Work request => Every line below needs to be printed again exactly, without any of its pictures.

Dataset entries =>
◇ ◇ ◇
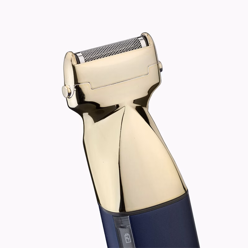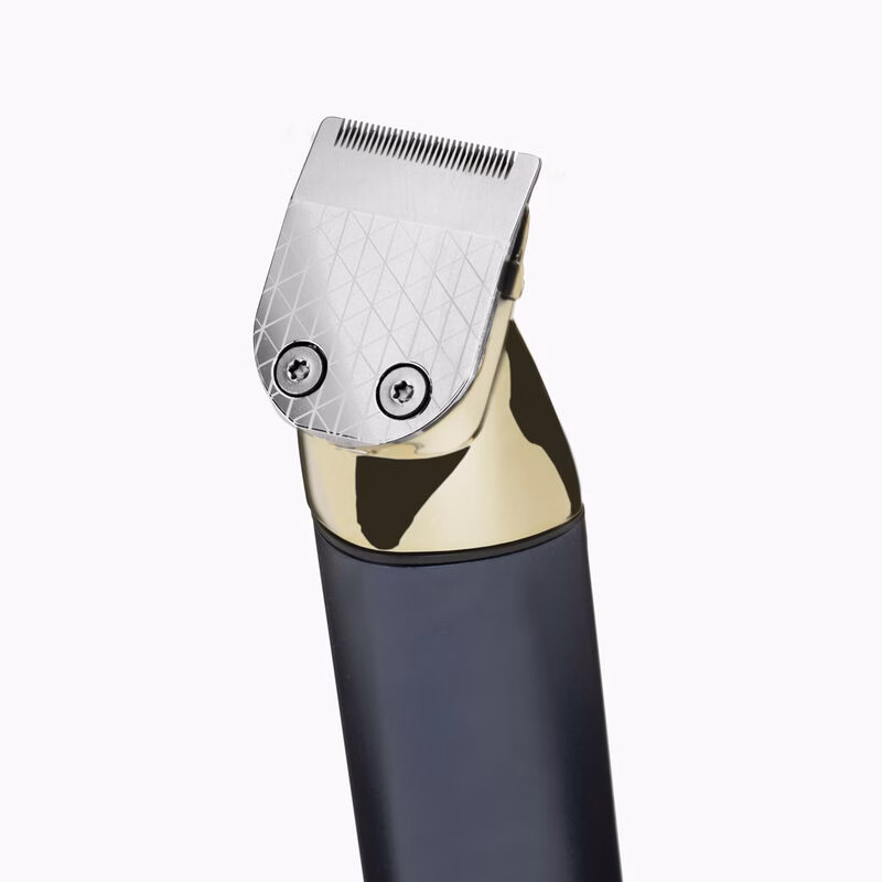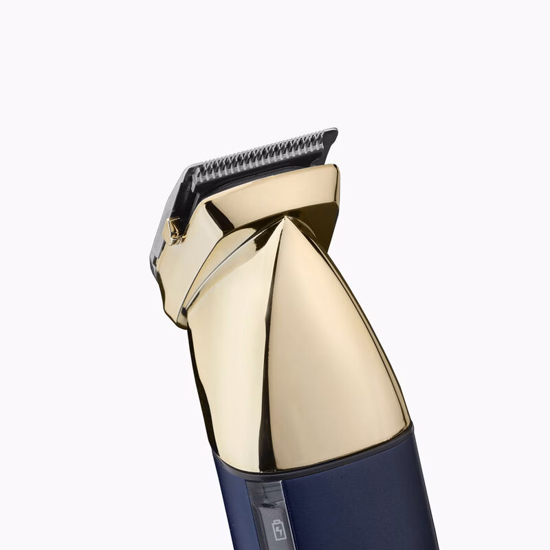 Trimmeri komplekt 15 in 1 Super X Metal Gold & Navy. Jaapani roostevabast terasest valmistatud täpsed terad sujuvaks lõikamiseks. Liitiumioonaku pikaajaliseks juhtmevabaks toimimiseks. Kuni 5-tundi juhtmevaba kasutamist või 20-minutilise kiirlaadimisega kuni 40-minutit. Tugev metallist käepide. 100% veekindel. 4 vahetatavat magnetkinnitusega lõikepead. Juukselõikusmasin. Habeme ja keha trimmer. Täppis pardel. Nina-kõrva trimmer. 4 habemekammi 5, 6, 7 ja 8 mm. 3 juuksekammi 9, 12 ja 16 mm. 2 kehakammi 3 ja 4 mm. 2 kulmukammi 3 ja 4 mm. Digitaalnäidik, mis näitab laadimise edenemist ja aku jääklaetust. 10 kammijuhikut 0,5-8 (lõikepikkused 0,8-25 mm) ja juhikud kummagi kõrvaäärse juuksepiiri jaoks komplektis. Kõva reisivutlar
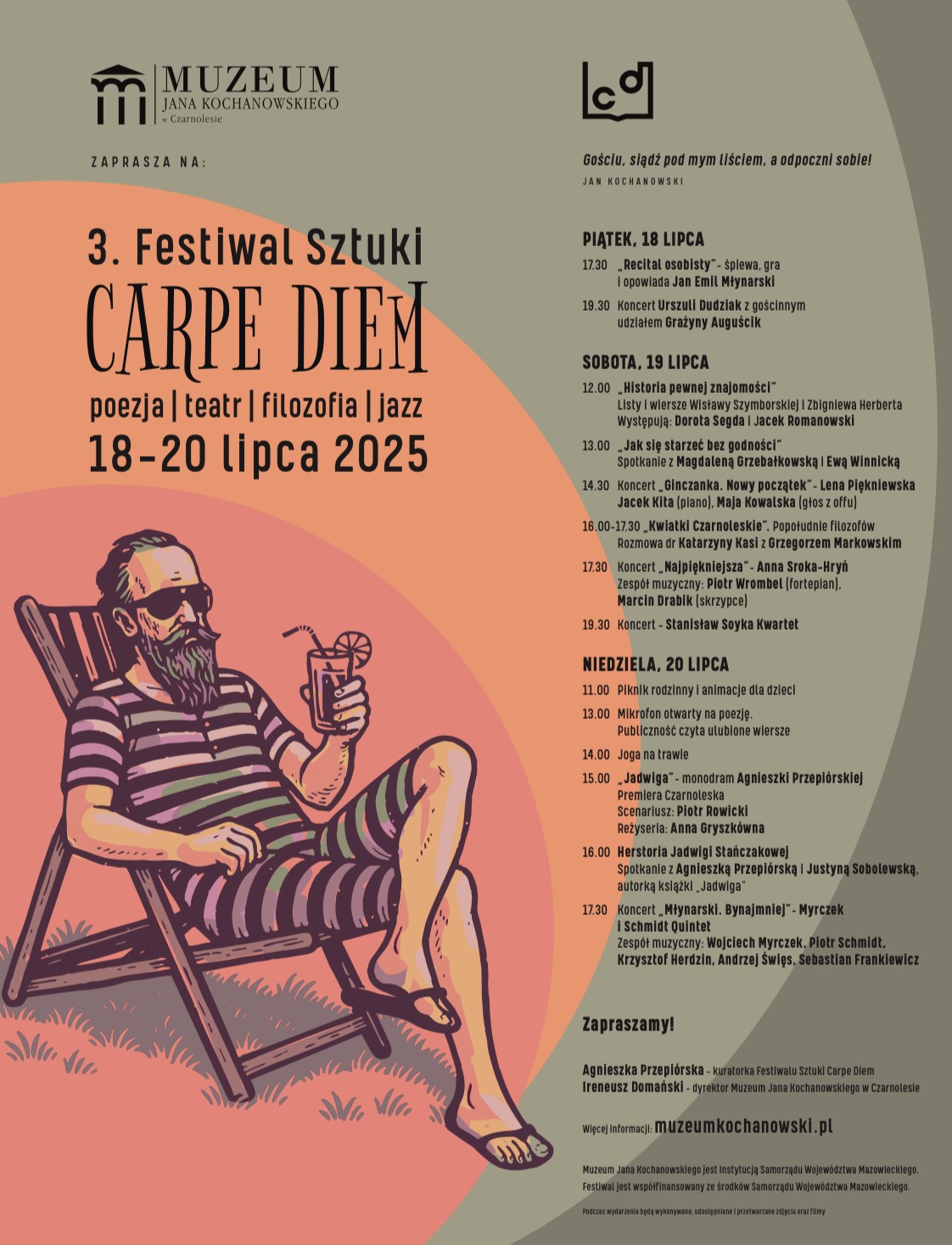 W dniach 18 – 20 lipca na terenie Muzeum Jana Kochanowskiego w Czarnolesie odbędzie się 3. edycja Festiwalu Sztuki CARPE DIEM. Poezja. Teatr. Filozofia. Jazz. W programie m.in. spektakle teatralne, koncerty jazzowe, spotkanie filozoficzne, czytanie poezji, animacje dla dzieci i piknik rodzinny pod lipami. Na czarnoleskiej scenie pojawią się m.in. Urszula Dudziak, Grażyna Auguścik, Dorota Segda, Agnieszka Przepiórska, Stanisław Soyka, dr Katarzyna Kasia i Jan Emil Młynarski.
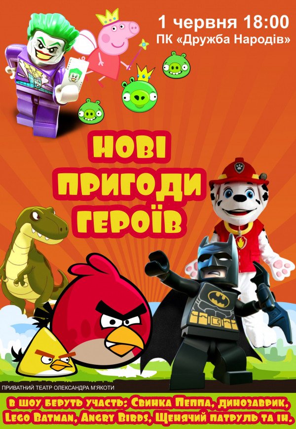 Вистава "Нові пригоди героїв" состоится 1 июня 2017, 18:00, четверг в Дворец культуры "Дружба народов". С помощью сервиса internet-bilet.ua, Вы сможете с легкостью забронировать, заказать и купить билеты на интересующий Вас концерт, спектакль, оперу, балет, мастер-классы, спортивные и детские мероприятия, оплатив их самым удобным для Вас способом: через интернет банковской картой VISA/MasterCard, наличными или курьером, если сделаете заказ билета c доставкой.
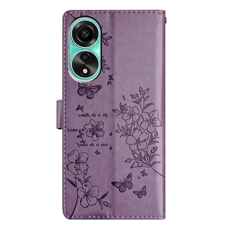 Para Oppo A78 4G Butterfly Love Flower Funda de Cuero para Teléfono En Relieve (Púrpura)
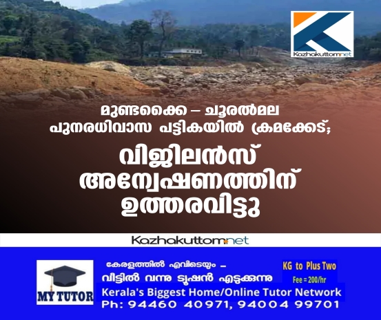ദുരന്തബാധിതരുടെ പുനരധിവാസത്തിന് സർക്കാർ തയ്യാറാക്കിയ പട്ടികയിൽ ഉദ്യോഗസ്ഥരുടെ സഹായത്തോടെ വ്യാപക ക്രമക്കേടു ഉണ്ടായിട്ടുണ്ടന്നപരാതി പരിശോധനക്ക് വിജിലൻസ് ഡയരക്ടർ ഉത്തരവിട്ടു
◇ ◇ ◇
Your solution =>
 Trimmeri komplekt 15 in 1 Super X Metal Gold & Navy. Jaapani roostevabast terasest valmistatud täpsed terad sujuvaks lõikamiseks. Liitiumioonaku pikaajaliseks juhtmevabaks toimimiseks. Kuni 5-tundi juhtmevaba kasutamist või 20-minutilise kiirlaadimisega kuni 40-minutit. Tugev metallist käepide. 100% veekindel. 4 vahetatavat magnetkinnitusega lõikepead. Juukselõikusmasin. Habeme ja keha trimmer. Täppis pardel. Nina-kõrva trimmer. 4 habemekammi 5, 6, 7 ja 8 mm. 3 juuksekammi 9, 12 ja 16 mm. 2 kehakammi 3 ja 4 mm. 2 kulmukammi 3 ja 4 mm. Digitaalnäidik, mis näitab laadimise edenemist ja aku jääklaetust. 10 kammijuhikut 0,5-8 (lõikepikkused 0,8-25 mm) ja juhikud kummagi kõrvaäärse juuksepiiri jaoks komplektis. Kõva reisivutlar
 W dniach 18 – 20 lipca na terenie Muzeum Jana Kochanowskiego w Czarnolesie odbędzie się 3. edycja Festiwalu Sztuki CARPE DIEM. Poezja. Teatr. Filozofia. Jazz. W programie m.in. spektakle teatralne, koncerty jazzowe, spotkanie filozoficzne, czytanie poezji, animacje dla dzieci i piknik rodzinny pod lipami. Na czarnoleskiej scenie pojawią się m.in. Urszula Dudziak, Grażyna Auguścik, Dorota Segda, Agnieszka Przepiórska, Stanisław Soyka, dr Katarzyna Kasia i Jan Emil Młynarski.
 Вистава "Нові пригоди героїв" состоится 1 июня 2017, 18:00, четверг в Дворец культуры "Дружба народов". С помощью сервиса internet-bilet.ua, Вы сможете с легкостью забронировать, заказать и купить билеты на интересующий Вас концерт, спектакль, оперу, балет, мастер-классы, спортивные и детские мероприятия, оплатив их самым удобным для Вас способом: через интернет банковской картой VISA/MasterCard, наличными или курьером, если сделаете заказ билета c доставкой.
 Para Oppo A78 4G Butterfly Love Flower Funda de Cuero para Teléfono En Relieve (Púrpura)
ദുരന്തബാധിതരുടെ പുനരധിവാസത്തിന് സർക്കാർ തയ്യാറാക്കിയ പട്ടികയിൽ ഉദ്യോഗസ്ഥരുടെ സഹായത്തോടെ വ്യാപക ക്രമക്കേടു ഉണ്ടായിട്ടുണ്ടന്നപരാതി പരിശോധനക്ക് വിജിലൻസ് ഡയരക്ടർ ഉത്തരവിട്ടു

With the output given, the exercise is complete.